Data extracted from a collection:
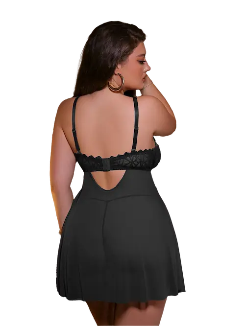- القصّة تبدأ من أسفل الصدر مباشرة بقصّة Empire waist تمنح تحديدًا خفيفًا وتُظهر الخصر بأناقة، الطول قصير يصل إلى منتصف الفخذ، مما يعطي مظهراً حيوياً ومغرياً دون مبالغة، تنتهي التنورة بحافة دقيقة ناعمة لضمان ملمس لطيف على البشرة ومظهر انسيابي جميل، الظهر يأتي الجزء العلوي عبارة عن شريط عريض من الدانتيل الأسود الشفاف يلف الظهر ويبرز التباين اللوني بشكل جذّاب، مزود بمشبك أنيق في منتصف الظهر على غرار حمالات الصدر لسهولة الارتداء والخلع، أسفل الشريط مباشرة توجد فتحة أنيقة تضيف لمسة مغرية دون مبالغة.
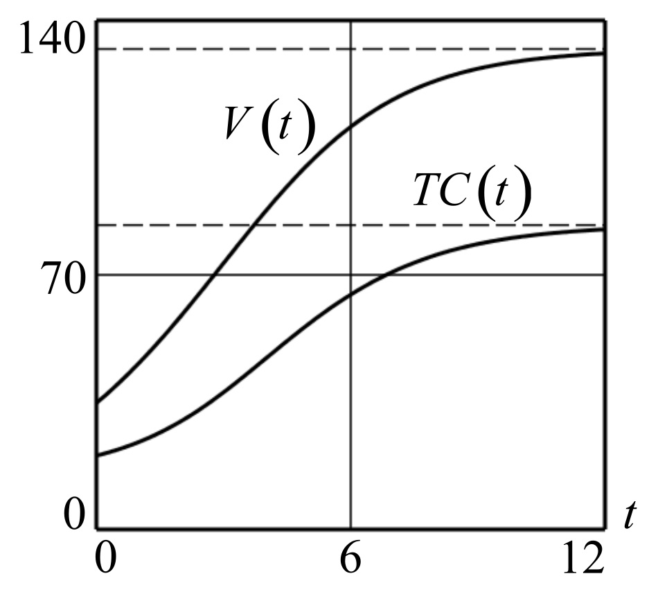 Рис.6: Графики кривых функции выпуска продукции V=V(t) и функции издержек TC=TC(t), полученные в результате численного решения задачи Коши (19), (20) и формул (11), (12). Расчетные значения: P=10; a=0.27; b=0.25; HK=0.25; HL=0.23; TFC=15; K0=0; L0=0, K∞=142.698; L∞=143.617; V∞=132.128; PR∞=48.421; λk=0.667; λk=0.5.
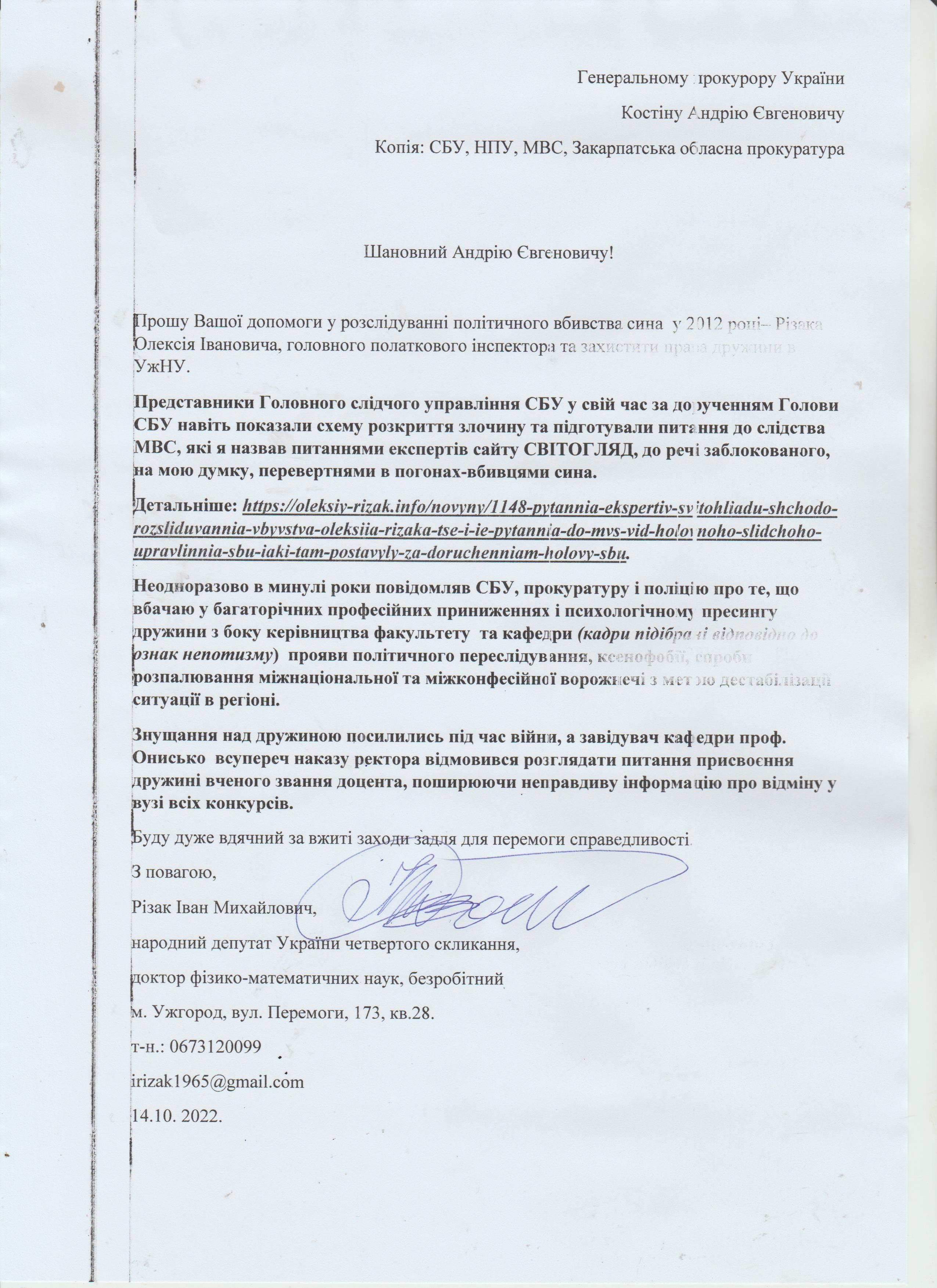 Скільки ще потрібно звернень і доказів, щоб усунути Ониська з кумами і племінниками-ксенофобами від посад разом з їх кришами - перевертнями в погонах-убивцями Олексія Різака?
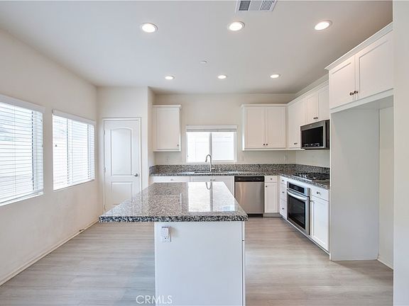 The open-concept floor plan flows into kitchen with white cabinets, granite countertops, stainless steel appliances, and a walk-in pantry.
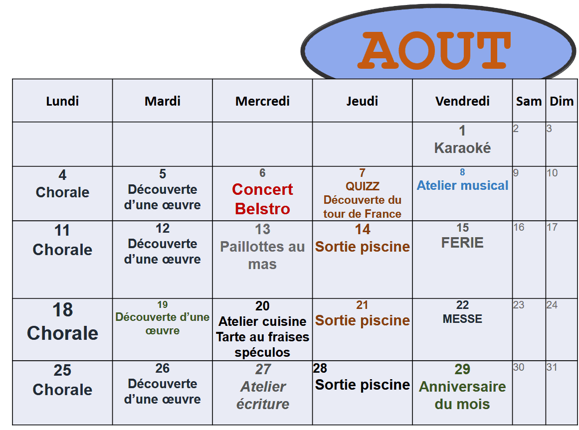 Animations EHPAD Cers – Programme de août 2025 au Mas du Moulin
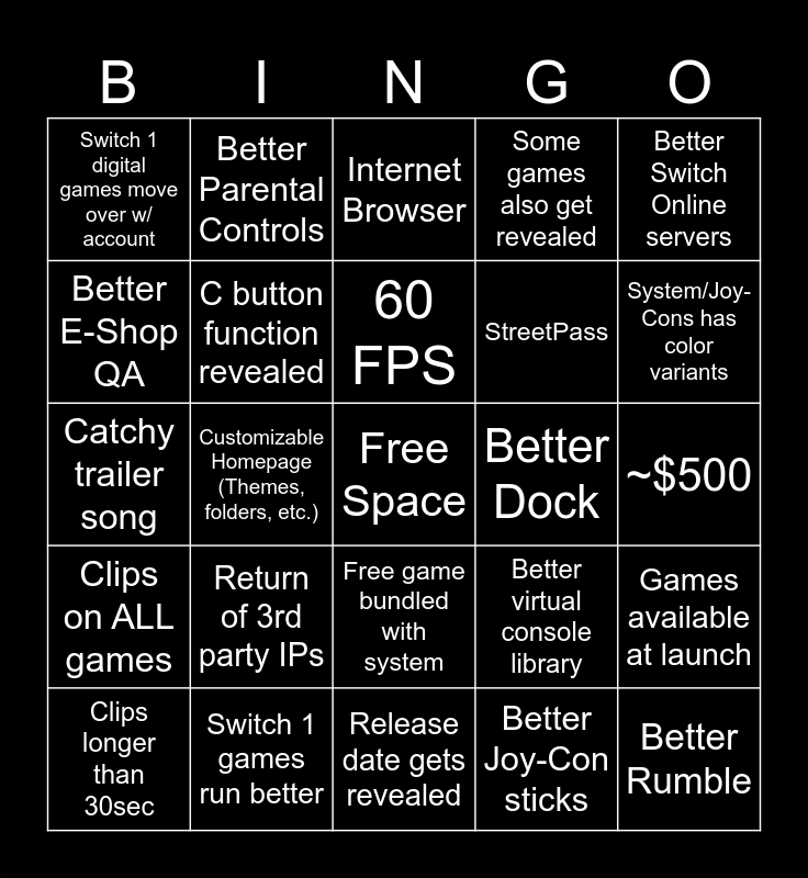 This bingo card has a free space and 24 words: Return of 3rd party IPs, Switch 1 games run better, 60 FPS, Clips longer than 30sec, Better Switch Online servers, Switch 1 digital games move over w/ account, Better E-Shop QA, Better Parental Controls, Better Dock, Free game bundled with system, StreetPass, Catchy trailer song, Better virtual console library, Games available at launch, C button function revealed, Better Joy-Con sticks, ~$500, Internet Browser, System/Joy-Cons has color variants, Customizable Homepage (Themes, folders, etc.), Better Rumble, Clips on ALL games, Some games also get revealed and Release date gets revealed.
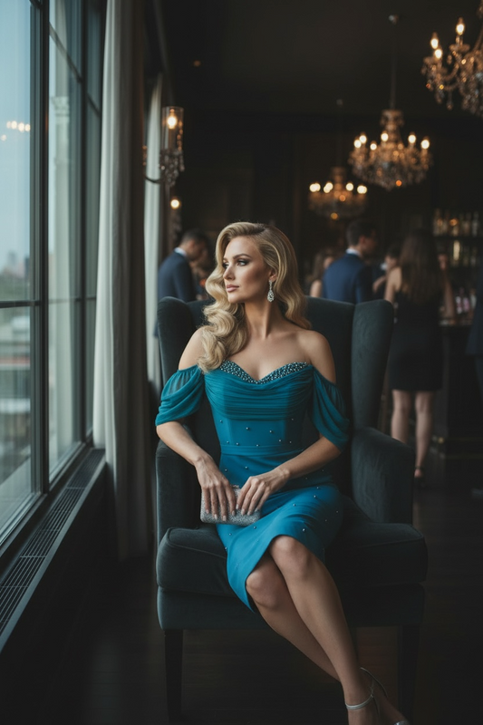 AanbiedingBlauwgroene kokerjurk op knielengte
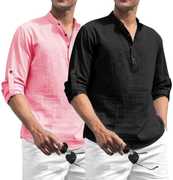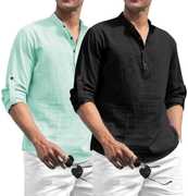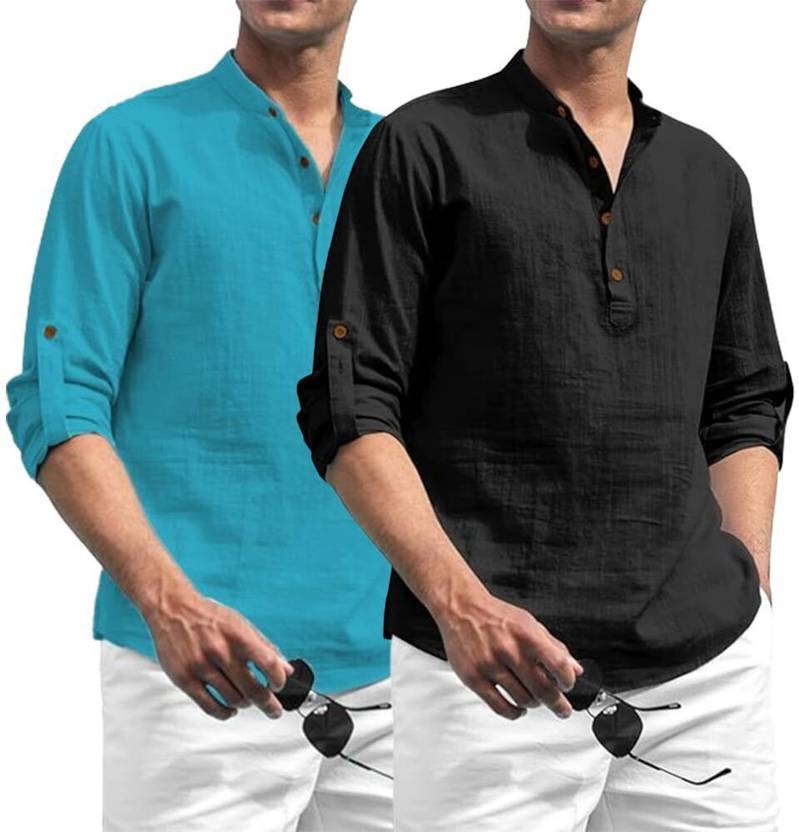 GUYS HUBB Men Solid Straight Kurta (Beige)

**Exercise brief:** Each line above gets copied exactly; leave the pictures out.

**Answer to the problem:**
- القصّة تبدأ من أسفل الصدر مباشرة بقصّة Empire waist تمنح تحديدًا خفيفًا وتُظهر الخصر بأناقة، الطول قصير يصل إلى منتصف الفخذ، مما يعطي مظهراً حيوياً ومغرياً دون مبالغة، تنتهي التنورة بحافة دقيقة ناعمة لضمان ملمس لطيف على البشرة ومظهر انسيابي جميل، الظهر يأتي الجزء العلوي عبارة عن شريط عريض من الدانتيل الأسود الشفاف يلف الظهر ويبرز التباين اللوني بشكل جذّاب، مزود بمشبك أنيق في منتصف الظهر على غرار حمالات الصدر لسهولة الارتداء والخلع، أسفل الشريط مباشرة توجد فتحة أنيقة تضيف لمسة مغرية دون مبالغة.
 Рис.6: Графики кривых функции выпуска продукции V=V(t) и функции издержек TC=TC(t), полученные в результате численного решения задачи Коши (19), (20) и формул (11), (12). Расчетные значения: P=10; a=0.27; b=0.25; HK=0.25; HL=0.23; TFC=15; K0=0; L0=0, K∞=142.698; L∞=143.617; V∞=132.128; PR∞=48.421; λk=0.667; λk=0.5.
 Скільки ще потрібно звернень і доказів, щоб усунути Ониська з кумами і племінниками-ксенофобами від посад разом з їх кришами - перевертнями в погонах-убивцями Олексія Різака?
 The open-concept floor plan flows into kitchen with white cabinets, granite countertops, stainless steel appliances, and a walk-in pantry.
 Animations EHPAD Cers – Programme de août 2025 au Mas du Moulin
 This bingo card has a free space and 24 words: Return of 3rd party IPs, Switch 1 games run better, 60 FPS, Clips longer than 30sec, Better Switch Online servers, Switch 1 digital games move over w/ account, Better E-Shop QA, Better Parental Controls, Better Dock, Free game bundled with system, StreetPass, Catchy trailer song, Better virtual console library, Games available at launch, C button function revealed, Better Joy-Con sticks, ~$500, Internet Browser, System/Joy-Cons has color variants, Customizable Homepage (Themes, folders, etc.), Better Rumble, Clips on ALL games, Some games also get revealed and Release date gets revealed.
 AanbiedingBlauwgroene kokerjurk op knielengte
 GUYS HUBB Men Solid Straight Kurta (Beige)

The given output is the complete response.